2587. I wondered if there was any other documentation
which you have, whether you could reflect on this and see if you
can help us on it, whether there is some other explanation? Not
now, but when you go back and look at your records?
(Sir Michael Grylls) I will certainly do my best,
of course.
2588. That would be helpful.
(Sir Michael Grylls) All I can say is, again just
to make absolutely clear, whatever it may be, the fact I cannot
give you an absolute precise answer, whether it was a referral
payment or supplementary work for UTC, the one thing I can be
absolutely sure about, because I am not likely to forget it, is
that it had nothing whatsoever to do with Harrods.
2589. No, but if it was a supplementary payment or a
referral payment, those were normally recorded in your account
books.
(Sir Michael Grylls) Exactly.
2590. Because they were collected for tax purposes?
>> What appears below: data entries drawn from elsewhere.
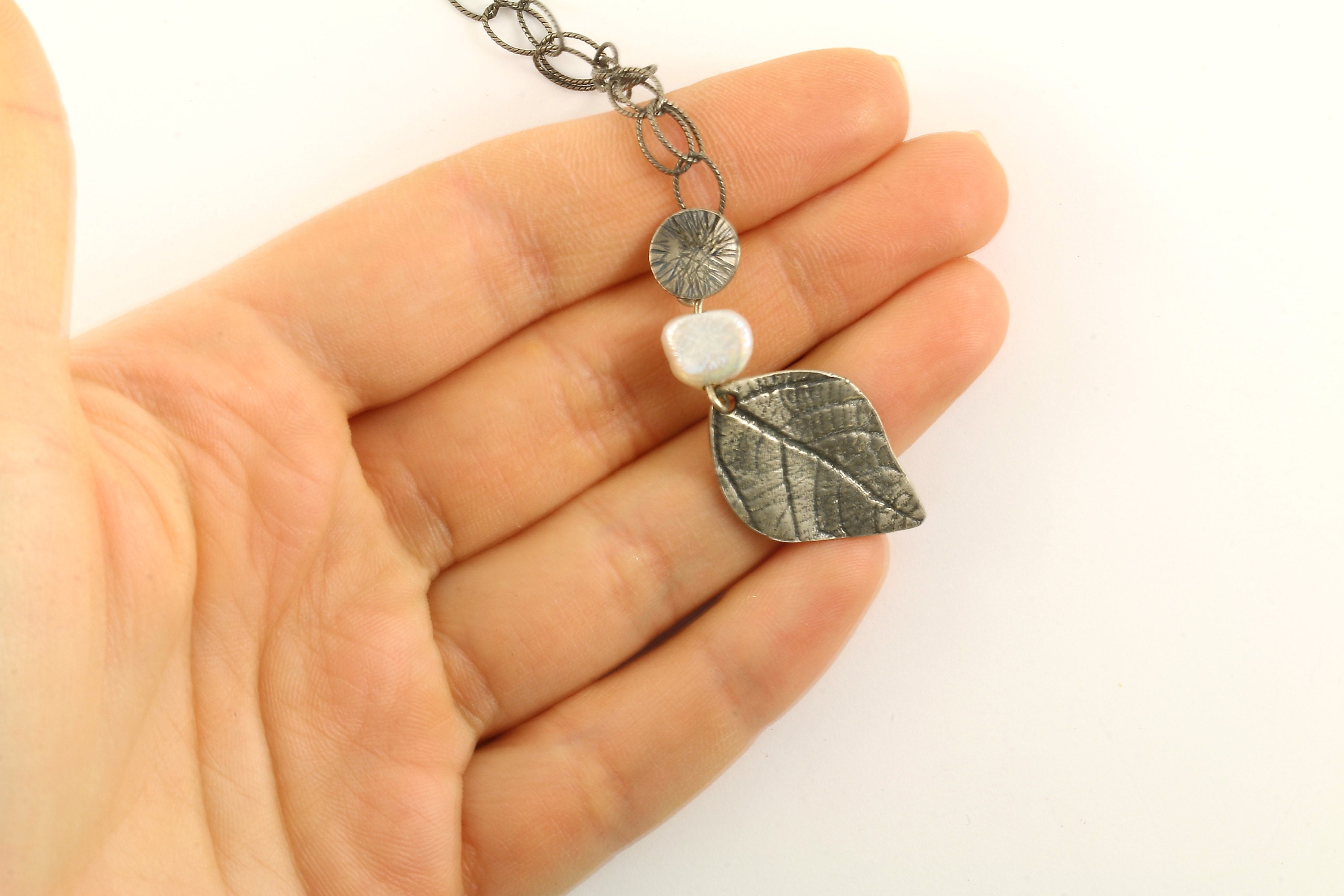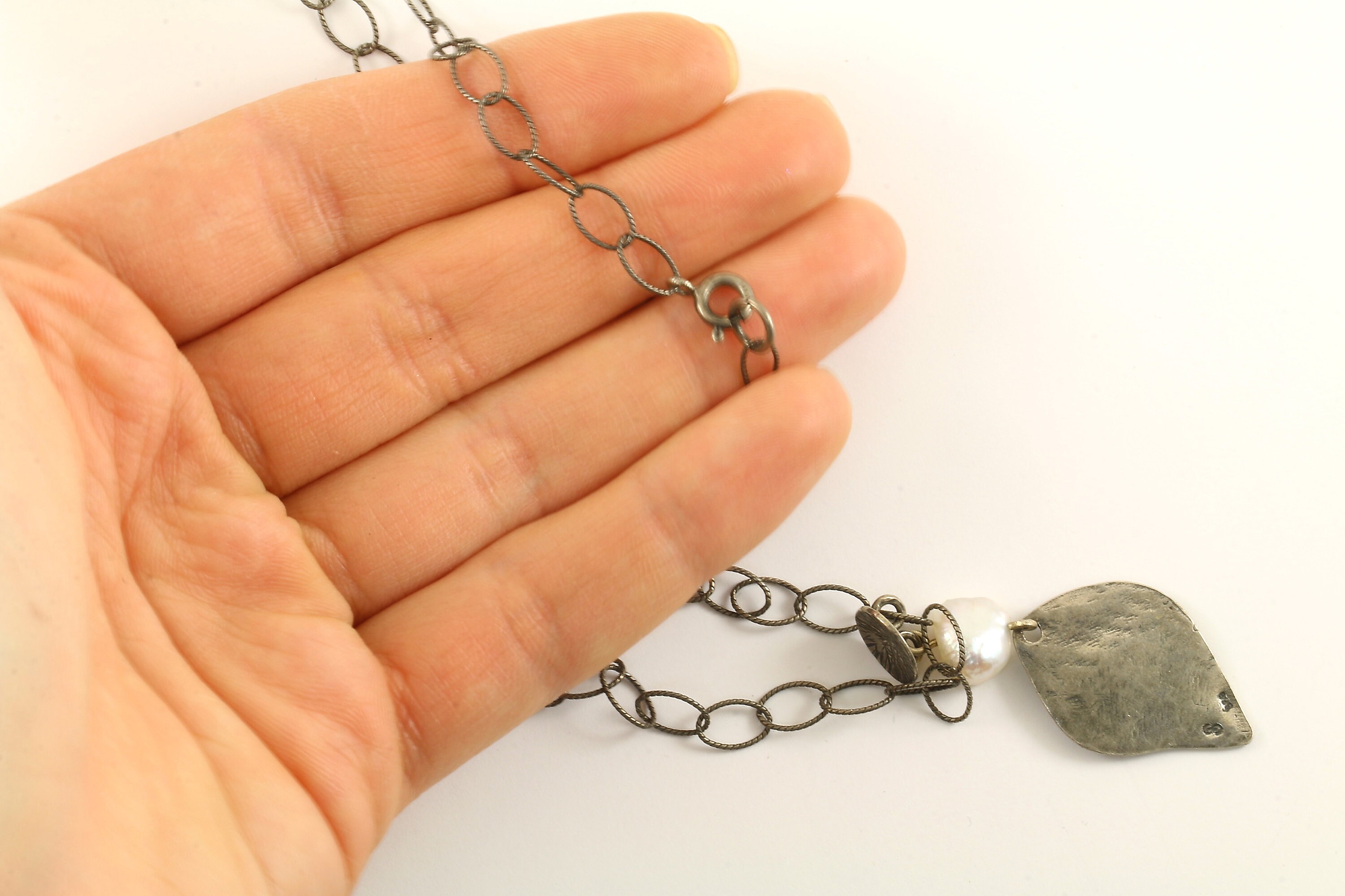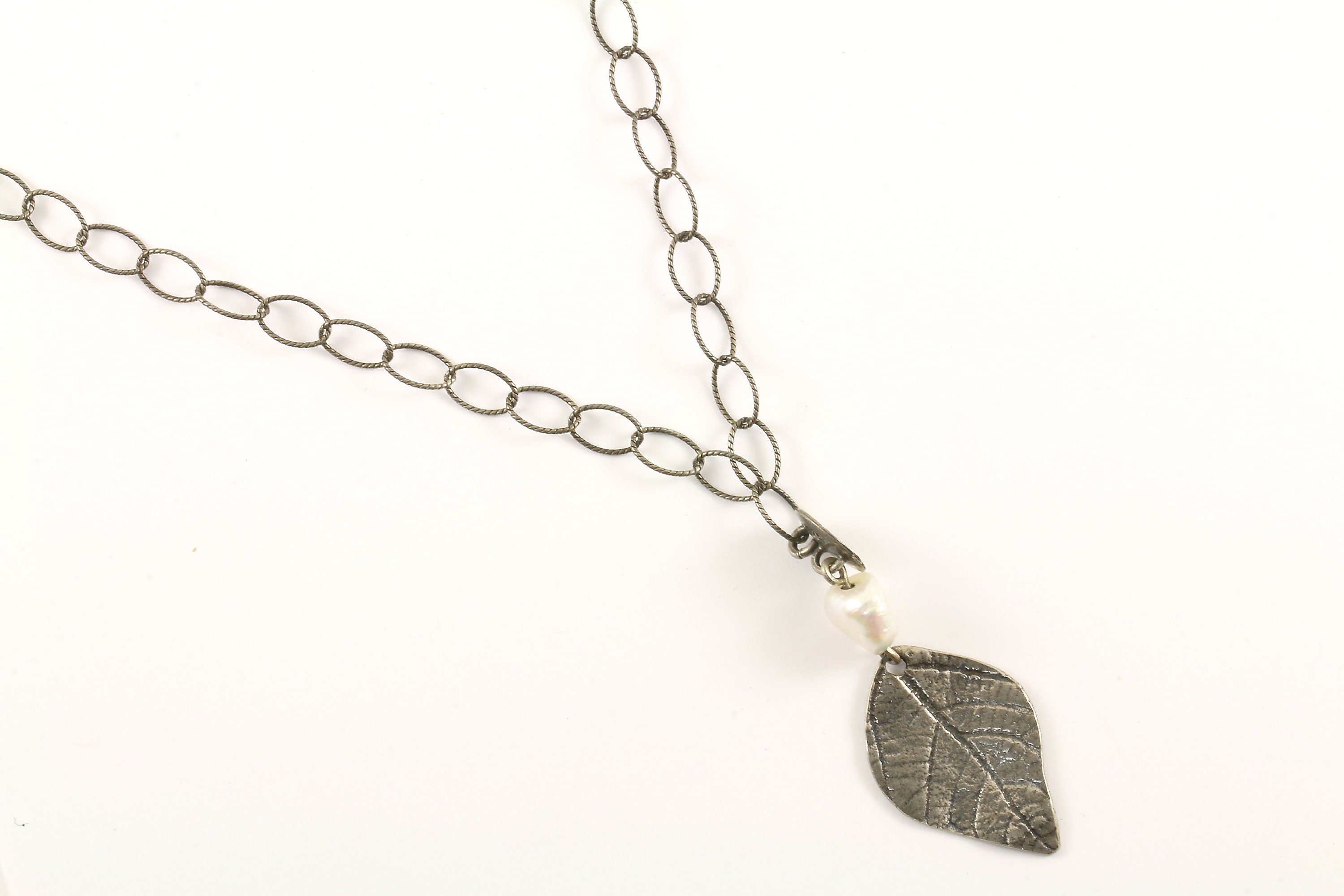This is Vintage Beautiful Delicate Leaf Natural Pearl Design Chain Necklace
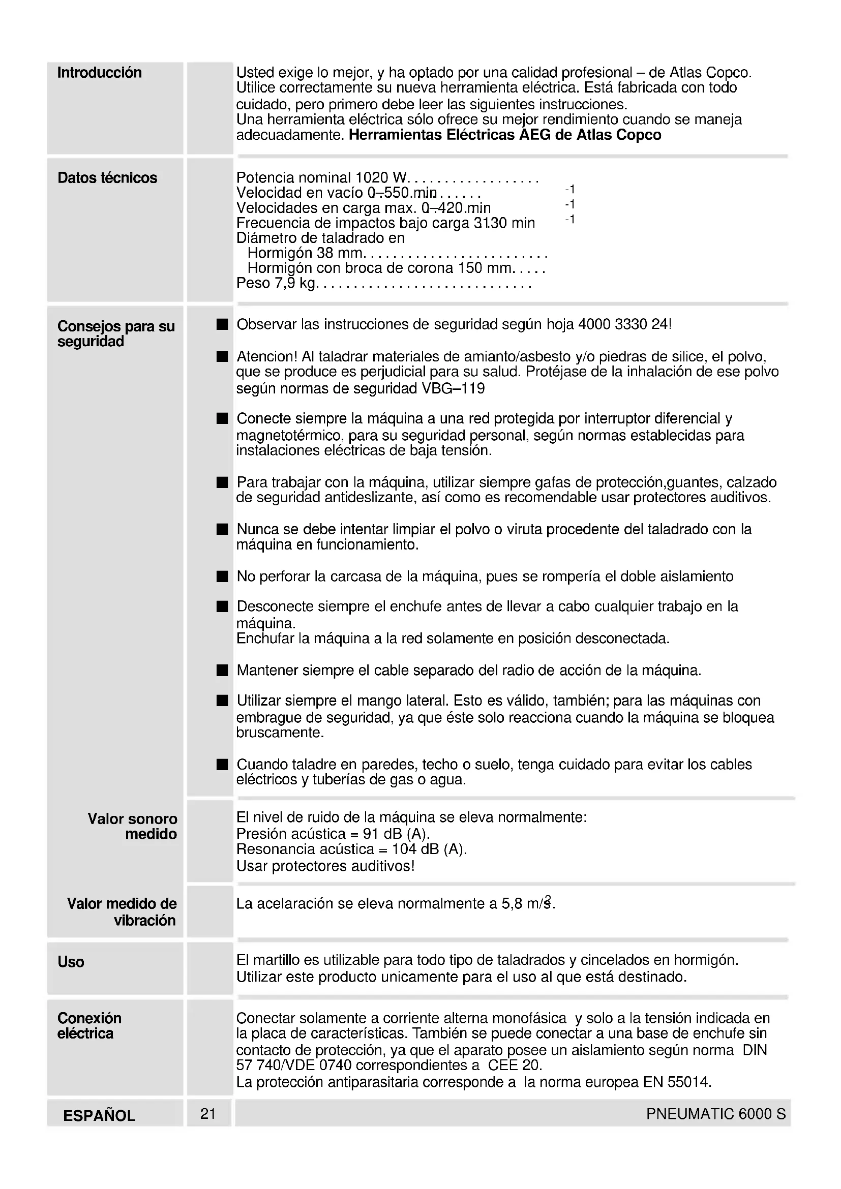 ESPAÑOL PNEUMATIC 6000 S Conexión: Pulse el interruptor Desconexión: Suelte el interruptor.. Las revoluciones se ajustan electrónicamente presionando más o menos el interruptor de conexión. El topede profundidad se puede utilizar, indistintamente; a la derecha o a la izquierda del mango lateral. Para ello enclavar el soporte del tope de profundidad en el mango lateral hasta que el corrojo encaje a tope. Para extraer el tope de profundidad, presionar en el cerrojo y tirar hacia fuera del soporte del tope. Para taladrar en serie a la misma profundidad, introducir el tope en el orificio correspondiente del mango lateral, y después de seleccionar la profundidad deseada fijarlo adecuadamente. El mango lateral se puede girar, para ello tal y como se muestra en la fotografía aflojar el mango, girarlo hasta alcanzar la posición deseada y volver a apretarlo firmemente. El mango lateral se puede utilizar fijado en el lateral de la carcasa.Esta posición es la apropiada para taladrar hacia abajo (suelo), o hacia arriba (techo). Para ello desenroscar el mango de su soporte delantero y enroscarlo en el orificio correspondiente del lateral de la carcasa. Control de conexión - desconexión Tope de profundidad Empuñadura25 ESPAÑOL PNEUMATIC 6000 S Ejerciendo más presión no se aumenta la eficacia de máquina. Con una presión moderada, funciona optimamente el dispositivo Antivibración; se observará con ello que los pliegues solo se cierran ligeramente. Con fuerte presión. se cerrarán los pliegues totalmente y la vibración se notará de manera apreciable en el mango. Saque la broca del taladro de vez en cuando para limpiar el polvo. Conmute a taladrado a percusión para hormigón, losetas y ladrillos duros, piedra, cemento duro y mármol (pero no cuando taladre la superficie de mármol). Para baldosas, piedras de pavimento, losetas y ladrillos blandos, cemento blando, ladrillos de cemento y cenizas de cok y yeso, cambie a taladrado normal. Use brocas para mampostería con punta de metal duro. Cuando taladre una superficie lisa dura (por ejemplo losetas), cubra el punto a taladrar con cinta adhesiva para impedir que resbale la punta de la broca. Cuando haya disminuído la potencia de la percusión, llevar la máquina al Servicio de Asistencia Técnica. Las ranuras de ventilación de la máquina deben estar despejadas en todo momento. La máquina viene equipada de origen con escobilla autodesconectantes. Ello evita que los muelles de las escobillas puedan dañar el colector del rotor cuando se gastan. Si las escobillas desconectan o disminuye la potencia de percusión, por favor póngase en contacto con su centro de servicio autorizado AEG. De este modo, la máquina estará siempre preparada para trabajar y ofrecerá una larga vida de servicio. Solo se deben utilizar accesorios y piezas de repuestos AEG. Piezas cuyo recambio no está descrito en las instrucciones de uso, deben sustituirse en un centro de asistencia técnica AEG (Consulte el folleto Garantia/Direcciones de Centros de Asistencia Técnica). En caso necesario, puede solicitar un despiece de la herramienta. Por favor indique el número de impreso de diez dígitos que hay en la etiqueta y pida el despiece a la siguiente dirección: Atlas Copco Elektrowerkzeuge GmbH, Postfach 320, D–71361 Winnenden. Los accesorios y sus correspondientes números para pedido, están reflejados en nuestros catálogos. Sugerencias de trabajo Sugerencias Mantenimiento Accesorios26 PORTUGUES PNEUMATIC 6000 S Como pessoa exigente decidiu-se pela qualidade – qualidade Atlas Copco. Construimos para si uma ferramenta eléctrica duradoura e segura. Um trabalho eficiente e tanto quanto possível isento de perigo só é, no entanto possível se ler e observar as presentes instruções de serviço. Queremos que também no futuro se decida pelas Ferramentas eléctricas AEG da Atlas Copco Potência absorvida 1020 W. . . . . . . . . . . . . . . . Nº de rotações em vazio 0–550 min
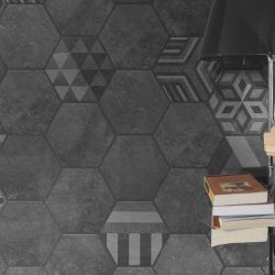 Pavimento e rivestimento in gres esagonale serie Bibulca Black 20x17,5 cm
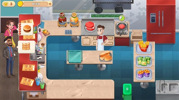 4、根据顾客的订单来为其提供对应的食物,完成订单后会在柜台上留下金币。
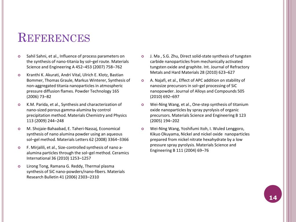 References • Sahil Sahni, et al., Influence of process parameters on the synthesis of nano-titania by sol–gel route. Materials Science and Engineering A 452–453 (2007) 758–762 • Kranthi K. Akurati, Andri Vital, Ulrich E. Klotz, Bastian Bommer, Thomas Graule, Markus Winterer, Synthesis of non-aggregated titania nanoparticles in atmospheric pressure diffusion flames. Powder Technology 165 (2006) 73–82 • K.M. Parida, et al., Synthesis and characterization of nano-sized porous gamma-alumina by control precipitation method. Materials Chemistry and Physics 113 (2009) 244–248 • M. Shojaie-Bahaabad, E. Taheri-Nassaj, Economical synthesis of nano alumina powder using an aqueous sol–gel method. Materials Letters 62 (2008) 3364–3366 • F. Mirjalili, et al., Size-controlled synthesis of nano a-alumina particles through the sol–gel method. Ceramics International 36 (2010) 1253–1257 • Lirong Tong, Ramana G. Reddy, Thermal plasma synthesis of SiC nano-powders/nano-fibers. Materials Research Bulletin 41 (2006) 2303–2310 • J. Ma , S.G. Zhu, Direct solid-state synthesis of tungsten carbide nanoparticles from mechanically activated tungsten oxide and graphite. Int. Journal of Refractory Metals and Hard Materials 28 (2010) 623–627 • A. Najafi, et al., Effect of APC addition on stability of nanosize precursors in sol–gel processing of SiC nanopowder. Journal of Alloys and Compounds 505 (2010) 692–697 • Wei-Ning Wang, et al., One-step synthesis of titanium oxide nanoparticles by spray pyrolysis of organic precursors. Materials Science and Engineering B 123 (2005) 194–202 • Wei-Ning Wang, Yoshifumi Itoh, I. Wuled Lenggoro, Kikuo Okuyama, Nickel and nickel oxide nanoparticles prepared from nickel nitrate hexahydrate by a low pressure spray pyrolysis. Materials Science and Engineering B 111 (2004) 69–76
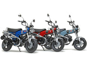 Honda’s Dax traces its history back to its debut in 1969, and in March 2022 the Dax was brought right up to date with the Dax125, a model which still draws heavily on the original’s identity with facets such as the T-bone frame. Its 123cc engine is paired with a 4-speed transmission that can be shifted without rider clutch input, making it an excellent touring option. The Tamiya Limited Edition version of the bike was released exclusively in Thailand and has a sumptuous metallic blue frame adorned with a multitude of limited edition parts.
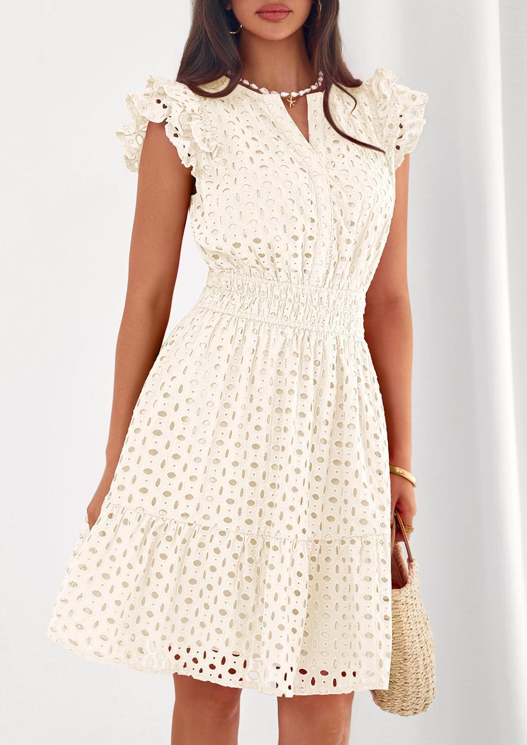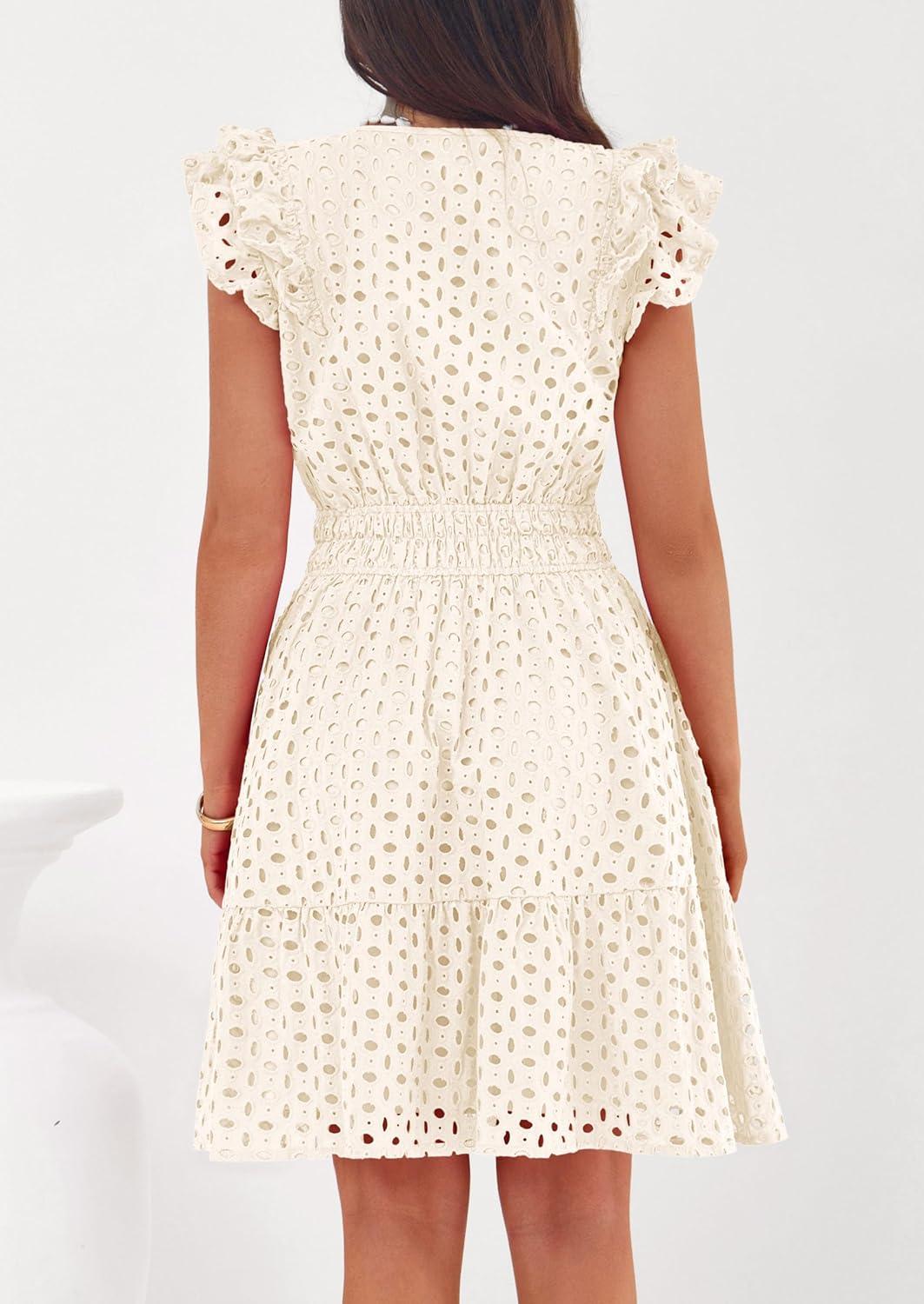 PRETTYGARDEN Women’s 2026 Summer Sundresses Eyelet Cap Sleeve V Neck Short Boho Wedding Guest Dress Beach Vacation Clothes(Beige)

(Sir Michael Grylls) Absolutely, but not with
a sub-heading.
2591. What I do not understand is why, if the payments
were made in July and September, there was no record of it even
for tax purposes and it was relatively unidentified. It definitely
came from Ian Greer?
(Sir Michael Grylls) I can only go by my VAT book,
which is also my tax book, which is photocopied to go to my accountants
every year, and tell you what is in that. I will certainly look
into it, of course, but there is certainly no greater explanation
than that, except that there was probably greater activity then.
2592. But then you would have recorded it, or not?
(Sir Michael Grylls) No, not at all. Actually,
unfortunately - -
2593. If you received payments you would have recorded
those payments?
(Sir Michael Grylls) Well, no, not really, no.
I do not have very many, only half a dozen in a month. I do the
invoice but I do not put a sort of tick when I have had the payment.
What I would normally do - depending how they are paid, Ian Greer's
were not because they were not like a salary, automatically coming
in through a banking system - I would know they had been paid
by checking my bank statement at the end of the month. My accountants
may well have, it is true, checked that they were in my bank statement
when they did the accounts for the following year, but I knew
they were paid. If one was missing, I would know. But your question
really is, and I do understand this, and it sort of sticks out
a bit like a pimple, why there are these three in June, July and
September.
2594. Which are not reflected in the records you were
collecting for tax purposes.
(Sir Michael Grylls) Yes, they are. I have them
here.
2595. Not all three though. You have identified one.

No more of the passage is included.